Additional details and impacted files

@@            Coverage Diff             @@
##           master     #273      +/-   ##
==========================================
+ Coverage   95.40%   95.56%   +0.15%     
==========================================
  Files          20       22       +2     
  Lines        1503     1647     +144     
==========================================
+ Hits         1434     1574     +140     
- Misses         69       73       +4

:umbrella: View full report in Codecov by Sentry.
:loudspeaker: Have feedback on the report? Share it here.

:rocket: New features to boost your workflow:

:snowflake: Test Analytics: Detect flaky tests, report on failures, and find test suite problems.

Mar 22 '24 16:03 codecov-commenter

@MommaWatasu Thanks for the PR! I think it would be a useful addition to the package. I will try to review it soon. Meanwhile -- it looks like there are no unit tests for the method. Could you please add some?

Mar 22 '24 17:03 alyst

I added some test for hdbscan. But I'm sorry for not being able to write unit test for utility functions. If you want to write tests for them, you should check scipy for their specification. They are coming from:

erf: scipy.special.erf
logpdf: I think the original code is this

Mar 23 '24 00:03 MommaWatasu

@MommaWatasu Thanks for adding unit tests. Generally we don't test internal utility functions, we only test public API, but aim to cover both meaningful examples (small datasets with nontrivial clusterings) and corner cases (e.g. single data point). As for some utility functions - erf/erfc are available in Distributions.jl, which Clusterings.jl already depends upon, so you should rather use these ones. pdf/logpdf are also declared there.

Mar 23 '24 10:03 alyst

I noticed that erf and logpdf aren't for HDBSCAN (but for Xmeans). I deleted them and updated test. And also, I added simple docs since Documentation workflow failed without it.

Mar 23 '24 14:03 MommaWatasu

I noticed that erf and logpdf aren't for HDBSCAN (but for Xmeans). I deleted them and updated test.

Great, erf is provided by SpecialFunctions.jl, but as we want to be conservative on the number of package dependencies, it is convenient that we don't need it.

Mar 23 '24 19:03 alyst

@alyst I applied all your suggestions. Is there anything else I have to fix?

Apr 27 '24 15:04 MommaWatasu

I applied all your suggestions. Is there anything else I have to fix?

@MommaWatasu Thank you for adjusting the PR! We are getting close to be able to merge, but we would need one more iteration.

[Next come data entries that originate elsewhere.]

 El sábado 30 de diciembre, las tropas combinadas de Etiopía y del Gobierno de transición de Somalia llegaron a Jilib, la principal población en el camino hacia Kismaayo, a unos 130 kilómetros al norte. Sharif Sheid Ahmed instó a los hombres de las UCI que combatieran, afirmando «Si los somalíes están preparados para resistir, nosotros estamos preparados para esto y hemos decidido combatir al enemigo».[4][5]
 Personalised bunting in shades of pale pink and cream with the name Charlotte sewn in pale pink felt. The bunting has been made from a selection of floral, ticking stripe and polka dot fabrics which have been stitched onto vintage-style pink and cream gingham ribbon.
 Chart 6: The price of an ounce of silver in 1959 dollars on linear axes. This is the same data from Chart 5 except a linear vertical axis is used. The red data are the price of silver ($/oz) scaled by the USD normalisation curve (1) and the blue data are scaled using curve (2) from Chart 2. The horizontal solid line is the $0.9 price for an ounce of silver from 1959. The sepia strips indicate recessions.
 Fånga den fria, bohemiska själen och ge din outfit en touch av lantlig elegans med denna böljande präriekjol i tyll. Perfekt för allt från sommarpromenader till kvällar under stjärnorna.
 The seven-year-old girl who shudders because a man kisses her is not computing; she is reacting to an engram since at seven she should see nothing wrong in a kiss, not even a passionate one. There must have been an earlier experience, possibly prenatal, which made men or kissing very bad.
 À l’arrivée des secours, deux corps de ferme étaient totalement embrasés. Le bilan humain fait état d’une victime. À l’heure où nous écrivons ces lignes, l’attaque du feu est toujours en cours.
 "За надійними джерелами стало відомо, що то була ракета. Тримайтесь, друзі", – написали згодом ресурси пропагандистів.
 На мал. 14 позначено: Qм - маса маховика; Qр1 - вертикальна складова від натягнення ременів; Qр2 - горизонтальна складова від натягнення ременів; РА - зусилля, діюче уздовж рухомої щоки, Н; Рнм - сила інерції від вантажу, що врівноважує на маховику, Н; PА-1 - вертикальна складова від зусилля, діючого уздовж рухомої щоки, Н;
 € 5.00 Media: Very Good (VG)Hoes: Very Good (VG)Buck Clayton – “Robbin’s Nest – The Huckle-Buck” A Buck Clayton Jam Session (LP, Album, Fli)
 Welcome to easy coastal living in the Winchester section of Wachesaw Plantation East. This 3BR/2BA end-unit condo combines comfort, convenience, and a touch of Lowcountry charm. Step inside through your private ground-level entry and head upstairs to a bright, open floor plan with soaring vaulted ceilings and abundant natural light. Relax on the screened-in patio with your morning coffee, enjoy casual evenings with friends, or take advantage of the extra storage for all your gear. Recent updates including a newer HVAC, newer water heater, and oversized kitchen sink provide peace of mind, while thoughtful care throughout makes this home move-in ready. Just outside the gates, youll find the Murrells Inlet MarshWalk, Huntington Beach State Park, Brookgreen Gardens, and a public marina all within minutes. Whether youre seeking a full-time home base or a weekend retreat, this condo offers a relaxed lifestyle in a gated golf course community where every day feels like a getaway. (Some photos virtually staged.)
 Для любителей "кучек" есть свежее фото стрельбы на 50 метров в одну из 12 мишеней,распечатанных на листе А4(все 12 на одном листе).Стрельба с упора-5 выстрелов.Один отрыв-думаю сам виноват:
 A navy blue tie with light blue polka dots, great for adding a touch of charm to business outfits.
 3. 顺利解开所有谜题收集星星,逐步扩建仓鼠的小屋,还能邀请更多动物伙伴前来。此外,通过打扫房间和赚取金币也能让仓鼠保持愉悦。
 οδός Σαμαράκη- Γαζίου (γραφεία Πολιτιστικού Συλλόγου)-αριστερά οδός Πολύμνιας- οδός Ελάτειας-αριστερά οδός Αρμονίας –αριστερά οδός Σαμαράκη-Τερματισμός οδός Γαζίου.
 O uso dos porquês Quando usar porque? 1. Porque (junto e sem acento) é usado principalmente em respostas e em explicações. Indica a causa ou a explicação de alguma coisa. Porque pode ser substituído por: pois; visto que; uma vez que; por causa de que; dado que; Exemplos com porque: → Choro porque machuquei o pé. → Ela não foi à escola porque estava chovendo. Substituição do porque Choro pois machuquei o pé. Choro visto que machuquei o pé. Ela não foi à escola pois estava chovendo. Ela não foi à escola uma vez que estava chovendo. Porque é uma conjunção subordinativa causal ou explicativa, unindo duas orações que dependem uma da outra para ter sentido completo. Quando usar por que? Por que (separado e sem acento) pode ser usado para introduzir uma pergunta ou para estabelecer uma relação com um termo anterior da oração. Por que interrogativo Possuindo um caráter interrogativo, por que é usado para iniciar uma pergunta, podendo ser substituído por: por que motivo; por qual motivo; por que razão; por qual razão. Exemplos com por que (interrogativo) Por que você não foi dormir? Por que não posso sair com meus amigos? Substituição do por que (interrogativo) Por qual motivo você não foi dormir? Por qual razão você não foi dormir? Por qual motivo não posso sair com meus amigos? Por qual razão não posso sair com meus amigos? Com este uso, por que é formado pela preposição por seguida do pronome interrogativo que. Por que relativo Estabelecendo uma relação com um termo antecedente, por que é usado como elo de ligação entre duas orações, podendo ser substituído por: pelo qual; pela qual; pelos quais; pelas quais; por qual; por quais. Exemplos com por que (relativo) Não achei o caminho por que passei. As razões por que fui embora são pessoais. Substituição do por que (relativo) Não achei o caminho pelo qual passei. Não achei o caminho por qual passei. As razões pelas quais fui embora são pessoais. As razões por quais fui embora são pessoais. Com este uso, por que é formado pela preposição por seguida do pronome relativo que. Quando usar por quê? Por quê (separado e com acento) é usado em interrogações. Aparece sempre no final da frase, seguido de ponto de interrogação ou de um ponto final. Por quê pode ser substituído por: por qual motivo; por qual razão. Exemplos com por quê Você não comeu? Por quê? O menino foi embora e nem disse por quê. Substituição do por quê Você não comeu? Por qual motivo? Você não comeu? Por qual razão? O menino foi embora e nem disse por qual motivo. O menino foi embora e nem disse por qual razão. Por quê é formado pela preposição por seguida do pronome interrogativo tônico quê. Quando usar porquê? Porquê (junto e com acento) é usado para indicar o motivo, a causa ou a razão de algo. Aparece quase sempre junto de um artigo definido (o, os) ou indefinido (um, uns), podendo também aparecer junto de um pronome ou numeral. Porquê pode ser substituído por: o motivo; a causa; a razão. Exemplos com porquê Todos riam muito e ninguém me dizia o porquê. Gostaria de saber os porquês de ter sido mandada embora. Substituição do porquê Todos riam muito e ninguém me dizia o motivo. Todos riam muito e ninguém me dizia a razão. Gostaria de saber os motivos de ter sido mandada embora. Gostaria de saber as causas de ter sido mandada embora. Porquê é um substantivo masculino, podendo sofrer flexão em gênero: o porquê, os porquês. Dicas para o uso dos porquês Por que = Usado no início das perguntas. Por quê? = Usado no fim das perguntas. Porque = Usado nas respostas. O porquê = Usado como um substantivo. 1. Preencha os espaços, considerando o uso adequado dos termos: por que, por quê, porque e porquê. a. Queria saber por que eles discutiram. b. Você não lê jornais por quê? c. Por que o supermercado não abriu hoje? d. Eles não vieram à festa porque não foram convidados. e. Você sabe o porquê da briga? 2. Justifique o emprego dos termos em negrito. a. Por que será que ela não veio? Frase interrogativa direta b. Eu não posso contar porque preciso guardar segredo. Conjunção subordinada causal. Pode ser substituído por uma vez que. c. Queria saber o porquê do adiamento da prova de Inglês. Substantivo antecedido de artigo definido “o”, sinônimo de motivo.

Note that I have pushed some adjustments to the code directly to your branch, so please make sure to pull them first.

TODO items:

at the moment the tests that you have do not really test whether the clusters are correct. In fact, at the moment all the points are assigned to the noise cluster (I think it was also the case before my changes). Please add the test(s) that the assignments/clusters are correct. Ideally, we need to test a more complex clustering (more than 2 clusters), also would be nice to test that changing ncore, or min_cluster_size affects the result
Now that I understand the algorithm a bit more, it looks like HdbscanCluster is an internal structure, and it is rather a HdbscanTree node than the cluster you return to the user. It contains the fields like stability, children etc: some of them we should not expose to the user, the others you don't really set when you are preparing the resulting clusters. I suggest that you rename this structure into HdbscanNode (this is a non-exported structure for the algorithm), and create a new one, HdbscanCluster (the exported one returned to the user). If there are any properties of the cluster, such as stability or being noise -- please make sure to add these relevant fields to the HdbscanCluster and properly initialize them when you are generating the result.
HdbscanResult should inherit from ClusteringResult and support its API (in particular, counts is missing)
move UnionFind to a separate source file unionfind.jl. I'm not 100% sure it belongs to Clustering.jl. We may potentially use the DataStructures.jl, but this code looks rather compact, so I think I prefer keeping it over depending on another big package.
cleanup UnionFind terminology. I think set_id/issameset/items would be an optimal choice.
add the unit tests for UnionFind, e.g. that finding root, issameset, unite! work as expected
add the newlines in the docstrings that separate declaration from the description
add newlines that separate struct fields from the inner constructor

Apr 27 '24 21:04 alyst

@alyst I have one thing to apology. I found that the reason why the clustering result went wrong was my serious mistake about the algorithm. I fixed the algorithm and checked the result is correct. In addition, all the TODO items have been done(but I couldn't add the unit test about ncore because I don't know how it effects to the result).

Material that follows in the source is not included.